Provided entries:

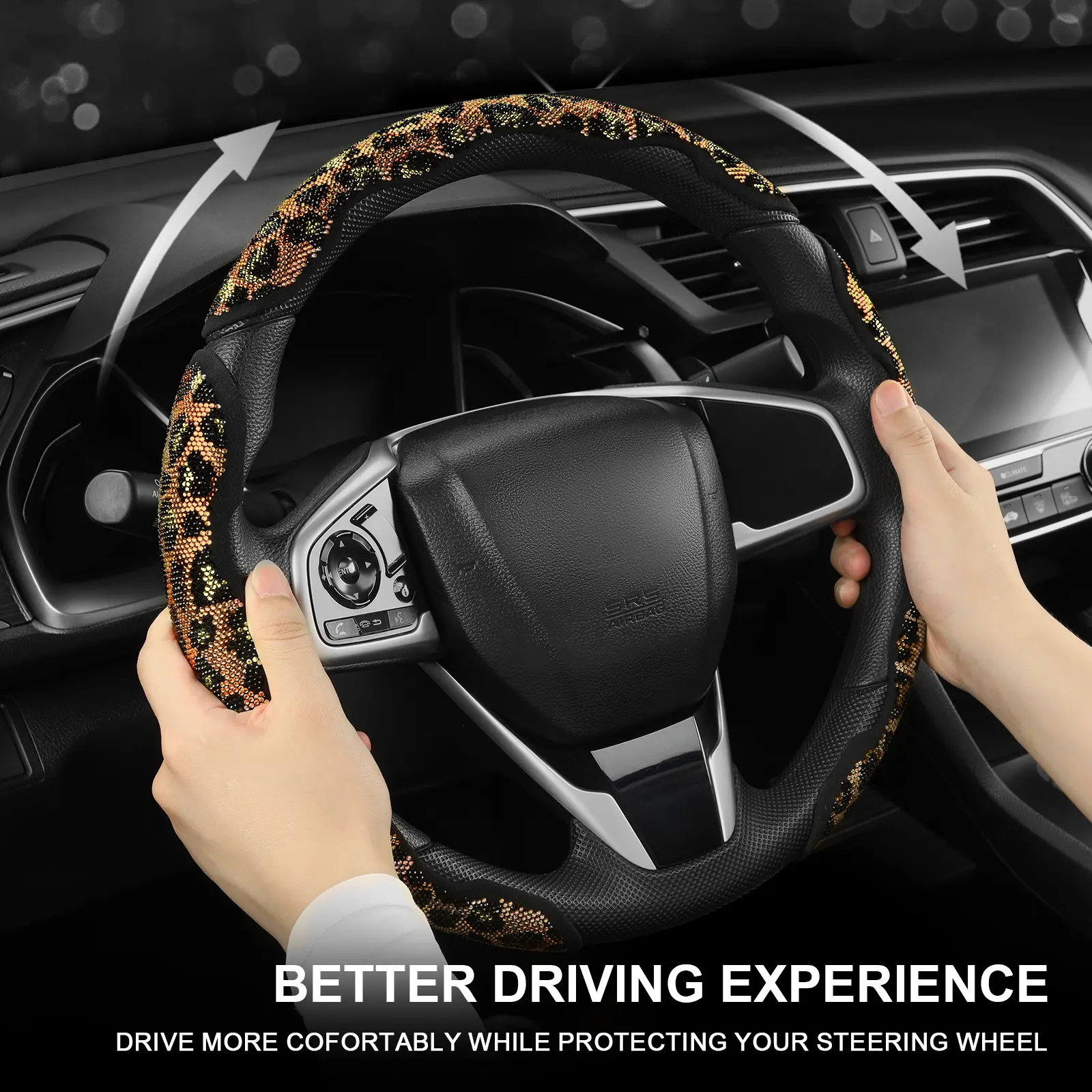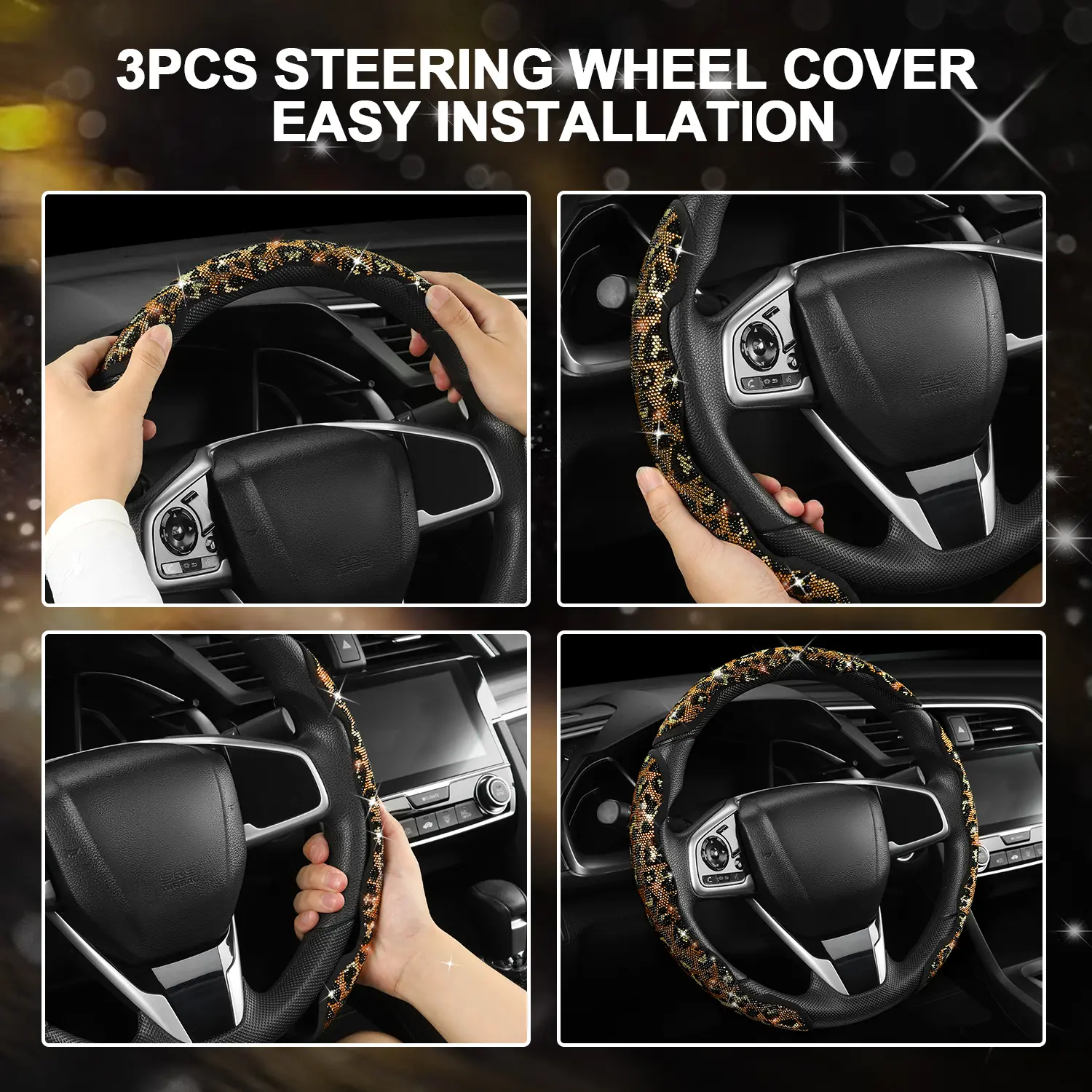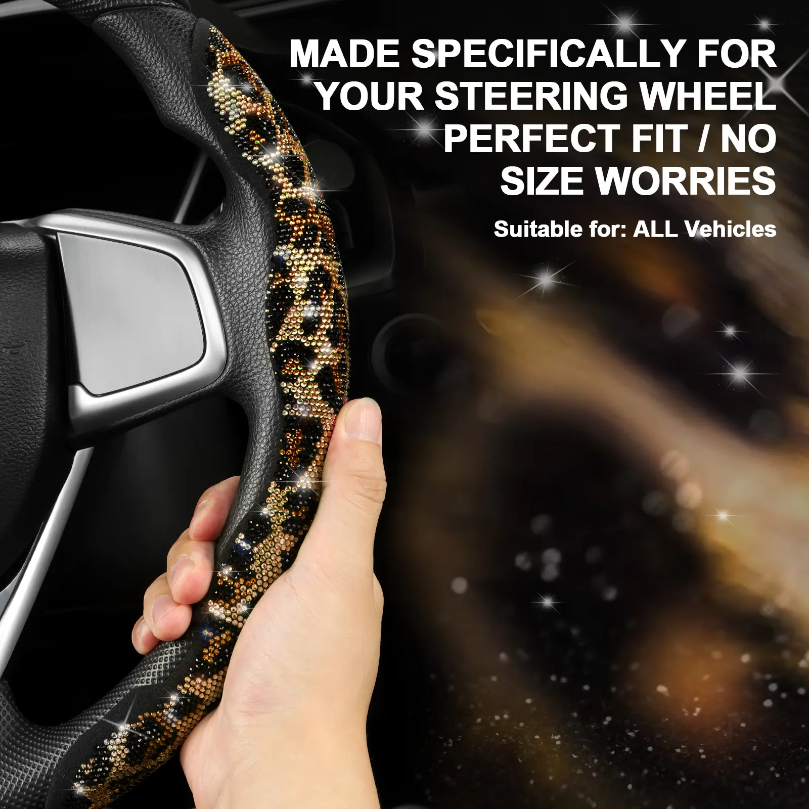 The best steering wheel cover!!! i didn’t know how it was supposed to stick with no glue but it fits just right after you push it onto the wheel, really snug doesn’t slip when i turn or anything, it doesn’t “hurt” your hands it’s just rhinestones so don’t grip them that hard lol and they stay on!
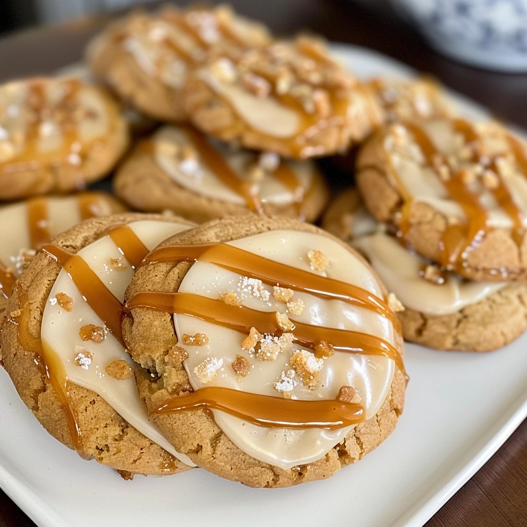 Warm cookies in the oven at 300°F (150°C) for 5–7 minutes to bring back their gooey texture. Microwaving works too, but check frequently to avoid over-softening. A quick caramel drizzle can refresh the flavor.
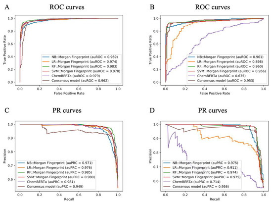 Meanwhile, the performance of the deep learning model was not better than traditional machine learning. The deep learning model performed well with the test set, but its performance with the external validation set was average. Among traditional machine learning models, the RF model performed the best, which was followed by SVM, LR, and NB. The best performance with the test set was obtained with the RF model based on MACCS (BA of 0.940 and AUC of 0.986) (Table 1). The best performance with the external validation set was obtained with the NF model based on SECFP (BA of 0.919 and AUC of 0.968). However, as shown in Table 1, some models including NB::Mol2vec, LR::RDkit, RF::MHFP6, and ChemBERT have extremely poor performance. We deduced that model overfitting might have caused some models to perform much worse on the external validation set than on the test set. The test set and the training set belong to the same source, although the compounds are different. Compared with the test set, the external validation set is a completely different source. Furthermore, the number of externally labelled validation sets is very small. These reasons may cause some overfitted models to perform poorly on external validation sets. Hence, we selected RF::MACCS and NB::SECFP from the 29 models to form a consensus model. For intuitive comparison, we further compared the receiver-operating characteristic (ROC) and PR curves of all these methods; in the machine learning algorithm, we used Morgan fingerprint because it was very stable in all models (Figure 4). The analysis revealed the necessity of constructing a consensus model that retained the best model performance and feature description to the greatest extent.
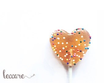 Our LolliTots measure 1 1/2 inches wide and are just at 1/4 inch thick. Our Original Hearts measure 1 1/2 inches wide and are just under 1/2 inch thick. All our lollipops come on a 5 1/2 inch stick.
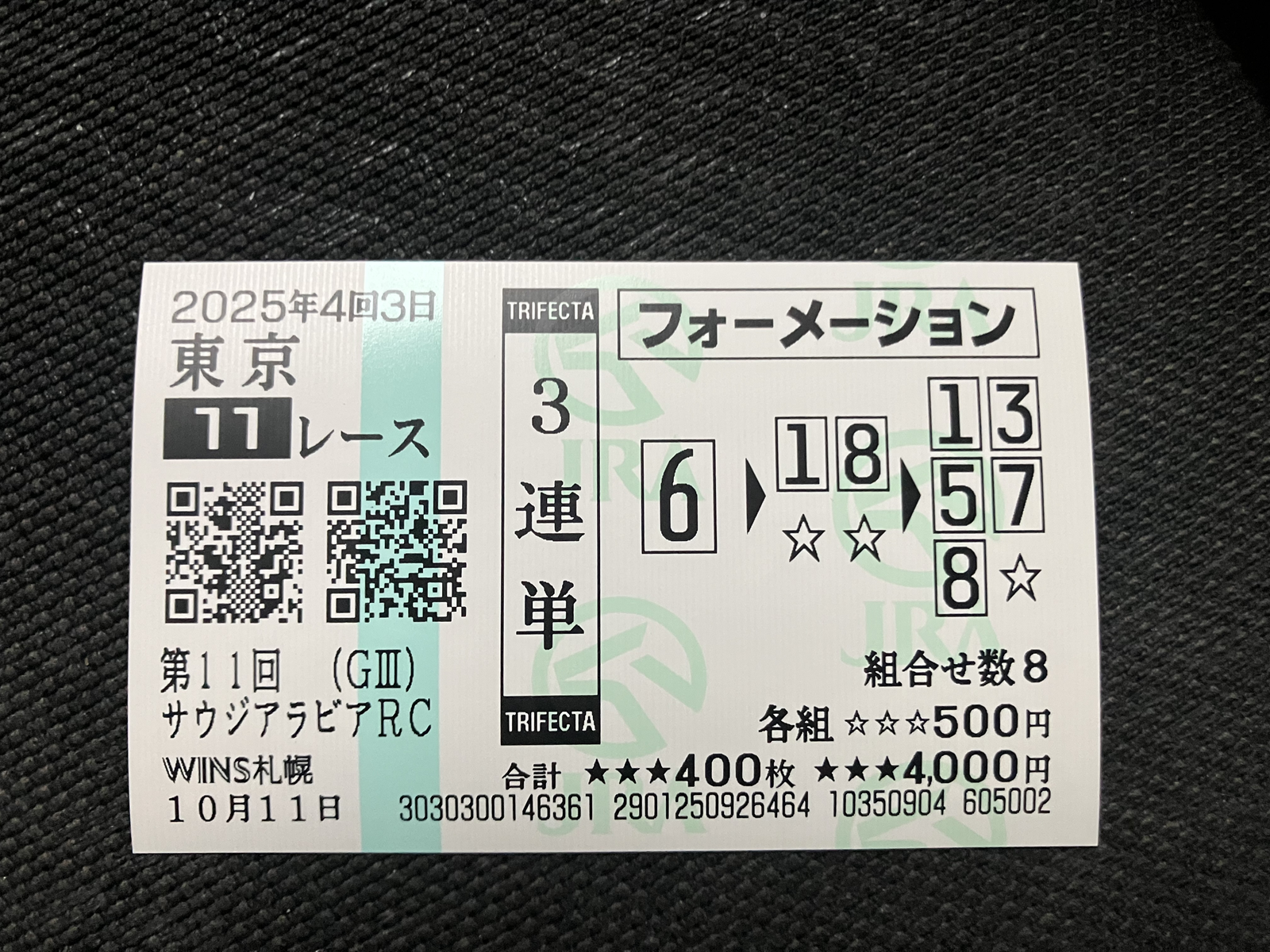 奴隷のように平日働いているので的中報告が遅れました、平日の工場勤務より週末の競馬の方が稼げています。 先週のサウジもバッチリ的中貰えて16万1650円払い戻し、今週も楽しみに予想待っています。
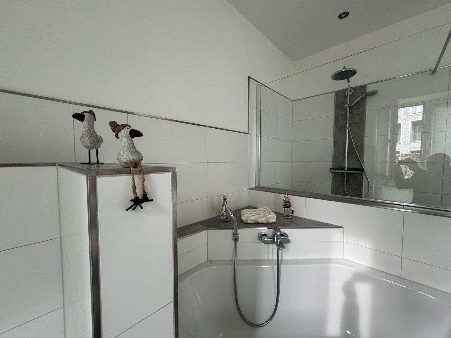 Ein exklusives barrierefreundliches großes Badezimmer mit begehbarer Dusche (Regendusche) und Badewanne wird Sie ebenfalls begeistern.
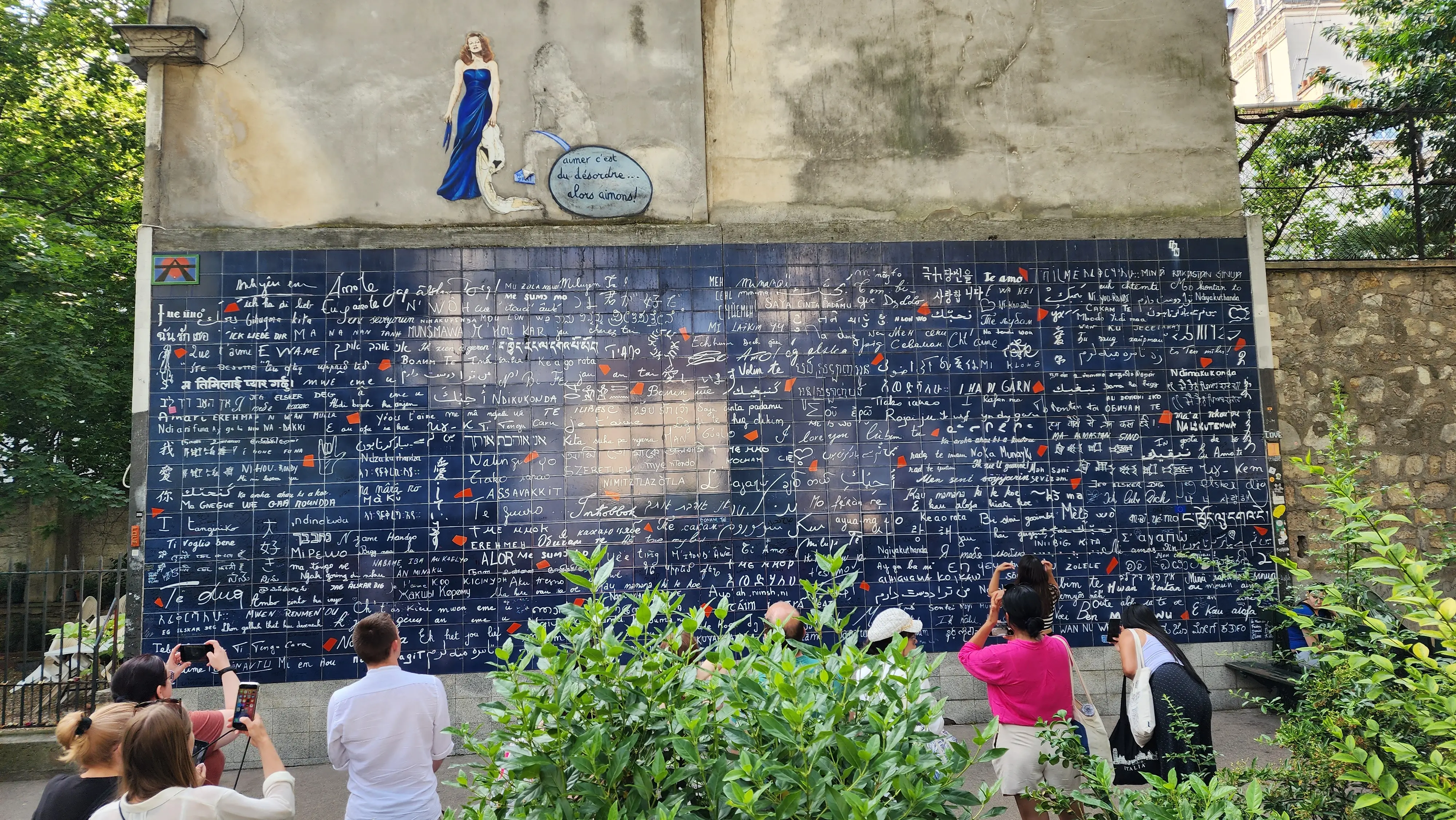 Tucked away in a quiet corner of Square Jehan Rictus, near the Abbesses Metro Station, you’ll find the enchanting Wall of Love (Le Mur des Je T’aime). Created by Frédéric Baron and Claire Kito, this modern artwork is a celebration of love in all its forms. The wall is covered in over 300 translations of “I love you”, written in beautiful calligraphy across deep blue tiles.
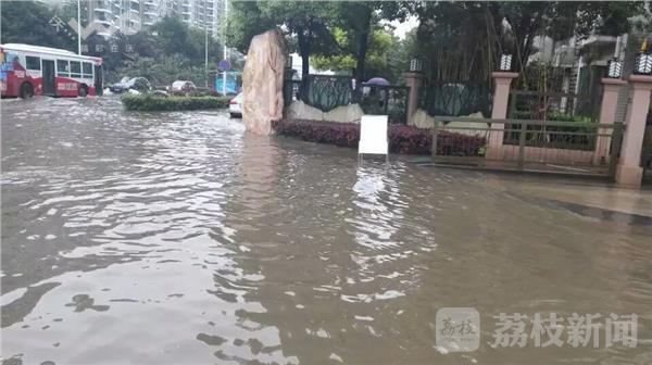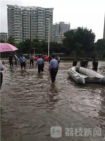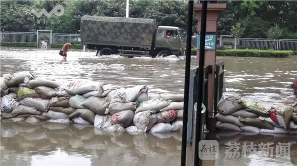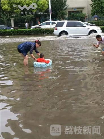 也有市民在水中拍摄照片。接到抢险指令玄武区公安特警、民兵紧急抢险垒沙包,目前相关部门正在加紧排水,截止记者发稿,小区内的水已经明显退下。
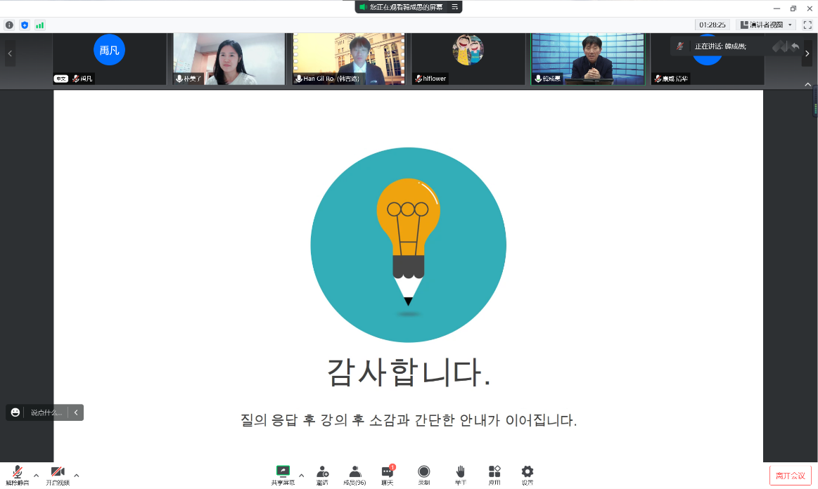讲座结束后,学生们通过对话交流方式向韩成愚教授提出问题,韩教授对这些问题进行了耐心细致的解答。此次讲座共持续90分钟,并且是韩成愚教授在91自拍
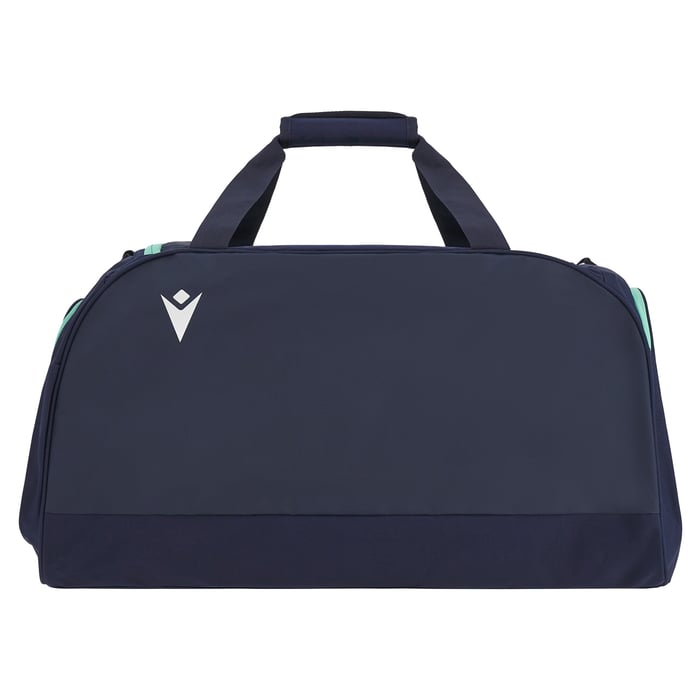 シーグリーンのアクセントと三角パターンのパネルが特徴的なネイビーカラーのジムバッグ。
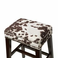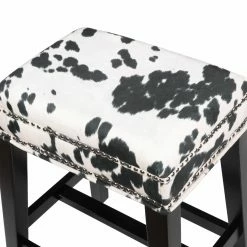 The Linon Walt Cow Print Backless Counter Stool lends your dining room, living room, or kitchen a robust rustic flair. This counter-height stool features a wide, backless seat padded with plenty of dense foam. Its frame is rendered from solid rubberwood with splayed legs. A decadent artificial leather fabric upholsters the piece, studded with a double border of nailheads. Select your preferred color options from the available.

Requirement:
Without any pictures, please reproduce the full set of entries.

The answer:
 The best steering wheel cover!!! i didn’t know how it was supposed to stick with no glue but it fits just right after you push it onto the wheel, really snug doesn’t slip when i turn or anything, it doesn’t “hurt” your hands it’s just rhinestones so don’t grip them that hard lol and they stay on!
 Warm cookies in the oven at 300°F (150°C) for 5–7 minutes to bring back their gooey texture. Microwaving works too, but check frequently to avoid over-softening. A quick caramel drizzle can refresh the flavor.
 Meanwhile, the performance of the deep learning model was not better than traditional machine learning. The deep learning model performed well with the test set, but its performance with the external validation set was average. Among traditional machine learning models, the RF model performed the best, which was followed by SVM, LR, and NB. The best performance with the test set was obtained with the RF model based on MACCS (BA of 0.940 and AUC of 0.986) (Table 1). The best performance with the external validation set was obtained with the NF model based on SECFP (BA of 0.919 and AUC of 0.968). However, as shown in Table 1, some models including NB::Mol2vec, LR::RDkit, RF::MHFP6, and ChemBERT have extremely poor performance. We deduced that model overfitting might have caused some models to perform much worse on the external validation set than on the test set. The test set and the training set belong to the same source, although the compounds are different. Compared with the test set, the external validation set is a completely different source. Furthermore, the number of externally labelled validation sets is very small. These reasons may cause some overfitted models to perform poorly on external validation sets. Hence, we selected RF::MACCS and NB::SECFP from the 29 models to form a consensus model. For intuitive comparison, we further compared the receiver-operating characteristic (ROC) and PR curves of all these methods; in the machine learning algorithm, we used Morgan fingerprint because it was very stable in all models (Figure 4). The analysis revealed the necessity of constructing a consensus model that retained the best model performance and feature description to the greatest extent.
 Our LolliTots measure 1 1/2 inches wide and are just at 1/4 inch thick. Our Original Hearts measure 1 1/2 inches wide and are just under 1/2 inch thick. All our lollipops come on a 5 1/2 inch stick.
 奴隷のように平日働いているので的中報告が遅れました、平日の工場勤務より週末の競馬の方が稼げています。 先週のサウジもバッチリ的中貰えて16万1650円払い戻し、今週も楽しみに予想待っています。
 Ein exklusives barrierefreundliches großes Badezimmer mit begehbarer Dusche (Regendusche) und Badewanne wird Sie ebenfalls begeistern.
 Tucked away in a quiet corner of Square Jehan Rictus, near the Abbesses Metro Station, you’ll find the enchanting Wall of Love (Le Mur des Je T’aime). Created by Frédéric Baron and Claire Kito, this modern artwork is a celebration of love in all its forms. The wall is covered in over 300 translations of “I love you”, written in beautiful calligraphy across deep blue tiles.
 也有市民在水中拍摄照片。接到抢险指令玄武区公安特警、民兵紧急抢险垒沙包,目前相关部门正在加紧排水,截止记者发稿,小区内的水已经明显退下。
讲座结束后,学生们通过对话交流方式向韩成愚教授提出问题,韩教授对这些问题进行了耐心细致的解答。此次讲座共持续90分钟,并且是韩成愚教授在91自拍
 シーグリーンのアクセントと三角パターンのパネルが特徴的なネイビーカラーのジムバッグ。
 The Linon Walt Cow Print Backless Counter Stool lends your dining room, living room, or kitchen a robust rustic flair. This counter-height stool features a wide, backless seat padded with plenty of dense foam. Its frame is rendered from solid rubberwood with splayed legs. A decadent artificial leather fabric upholsters the piece, studded with a double border of nailheads. Select your preferred color options from the available.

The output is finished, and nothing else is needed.